Amid a crashing stock market and a looming recession, President Biden has reiterated his plans to reduce inflation by raising taxes on corporations and upper-income Americans. Raising taxes won’t cure inflation, and this is no time to do so, as New Yorkers know better than most people. The Empire State has some of the nation’s highest taxes, and it has seen the largest numerical decline in residents between July 2020 and July 2021, with a loss of 319,000. Texas, with no income tax, saw the largest gain, with increase of 310,000 residents.
Biden proposes to hike corporate tax rates from 21 percent to 28 percent, well above the global average of 23 percent. Factoring in average state and local taxes, the overall rate would be 32 percent. A tax increase of this magnitude would discourage investment in the U.S., resulting in more offshoring and further reducing GDP growth.
For those with net worth above $100 million, Biden has proposed a wealth tax based on the value of stocks, bonds, and private companies even before they are sold. If the value of those assets declined in future years, households would not get a commensurate deduction.

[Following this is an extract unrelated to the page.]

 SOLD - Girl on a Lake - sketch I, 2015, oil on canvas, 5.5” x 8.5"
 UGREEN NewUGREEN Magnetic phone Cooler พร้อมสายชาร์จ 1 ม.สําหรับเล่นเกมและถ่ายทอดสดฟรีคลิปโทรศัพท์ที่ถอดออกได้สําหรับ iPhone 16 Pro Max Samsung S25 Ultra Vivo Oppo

One reason such wealth taxes are rarely used is that they are hard to administer and have negative effects on the economy. Asset values change not just daily or hourly, but by the minute, and it’s hard to determine their true value if they are not sold.
The imposition of Biden’s proposed tax would cause people to shift their wealth out of assets that could be taxed and into other assets, such as art, instruments, jewelry, and cars, that are harder for tax collectors to find or to value. Sotheby’s on the Upper East Side and Christie’s in midtown would see their businesses boom—but their gains would be our loss, as the economy would lose a source of liquidity.

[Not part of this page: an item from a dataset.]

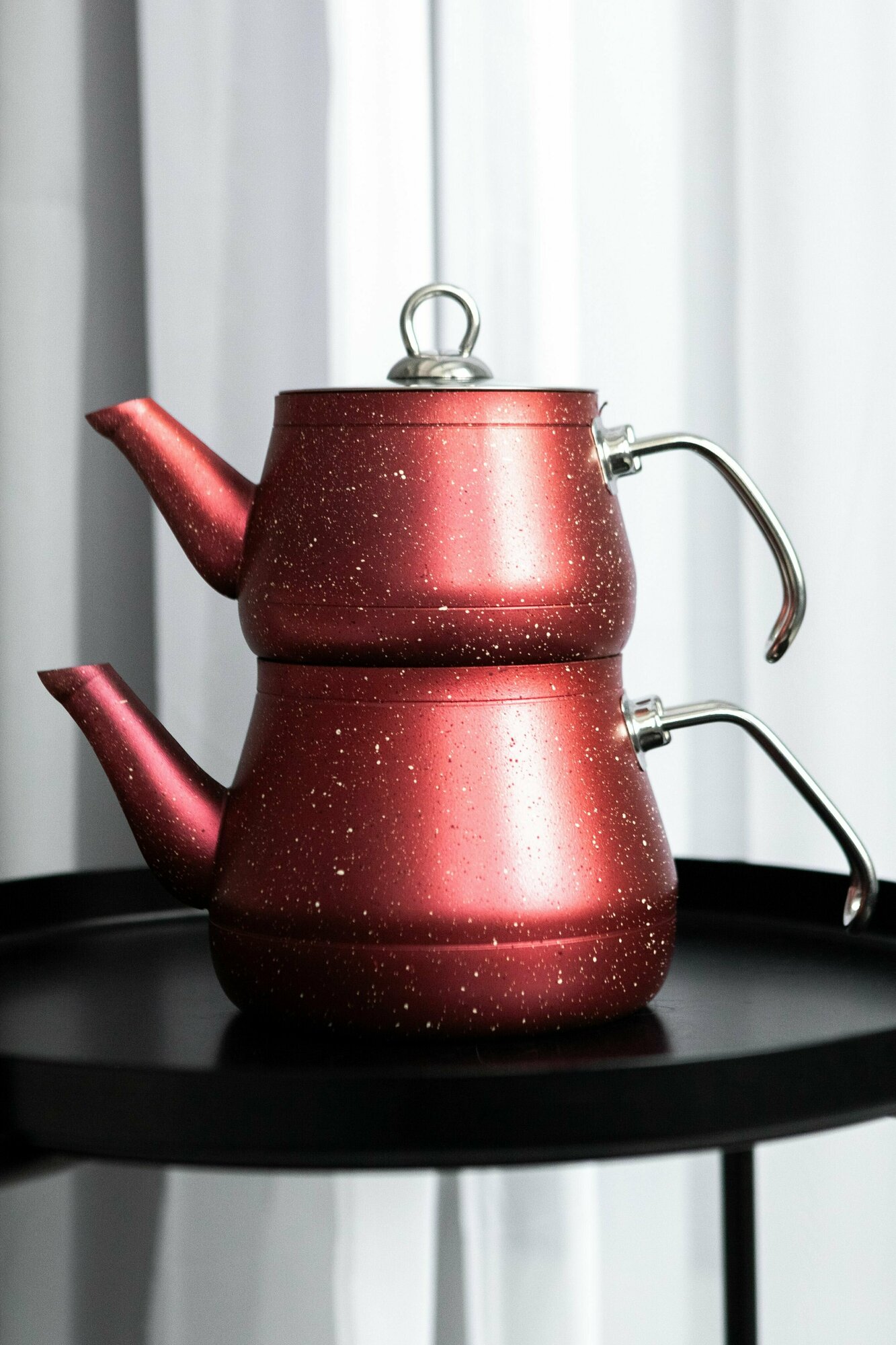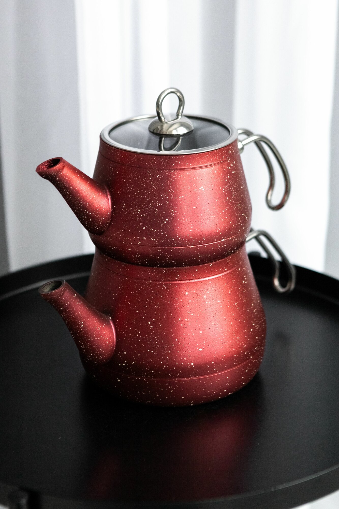Двойной чайник красный гранит с металлической ручкой 2л 1л интересное:

The Tax Foundation estimates that the corporate tax and capital gains tax increases would shrink GDP by about 1 percent and cost more than 170,000 jobs. But the loss to the U.S. economy would go beyond just lost GDP growth and jobs. For the past few decades, many of the greatest inventions—including the Internet, wireless technologies, and biotech—were developed in the United States, in part because our tax policies were more competitive than those of other countries. If we adopt uncompetitive tax policies, jobs and innovation will go overseas.

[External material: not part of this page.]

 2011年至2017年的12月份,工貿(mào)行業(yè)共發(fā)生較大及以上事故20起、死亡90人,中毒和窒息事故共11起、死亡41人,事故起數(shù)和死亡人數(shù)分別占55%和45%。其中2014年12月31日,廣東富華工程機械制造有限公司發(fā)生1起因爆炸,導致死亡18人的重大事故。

If Biden really wants to cut inflation, he should begin by reversing his policies on domestic oil and natural gas production. Energy prices have risen by 30 percent over the past year; these prices are set by expectations of future production. That is why oil prices rise when meteorologists predict that a hurricane will turn toward the Gulf of Mexico, before it has destroyed any oil rigs. The United States, the world’s largest oil and gas producer, has demonstrated the ability to influence the price of oil.
The president could lower the price of a barrel of oil by $10 to $20 with new energy policies. Yet on Biden’s first day in office, he reduced oil and gas production by banning offshore drilling, expanding the boundaries of national monuments, placing a moratorium on leasing activities in the Arctic National Wildlife Refuge, and revoking the permit for the Keystone XL pipeline, which would have brought Canadian oil to U.S. refineries for processing into gasoline and heating oil.
In recent months, the Federal Energy Regulatory Commission, the Department of the Interior, the Council on Environmental Quality, and the Securities and Exchange Commission have all issued reports or proposed regulations that make it more difficult to develop energy and associated infrastructure. If President Biden wants to tackle inflation, he should start by rolling back this added regulatory burden.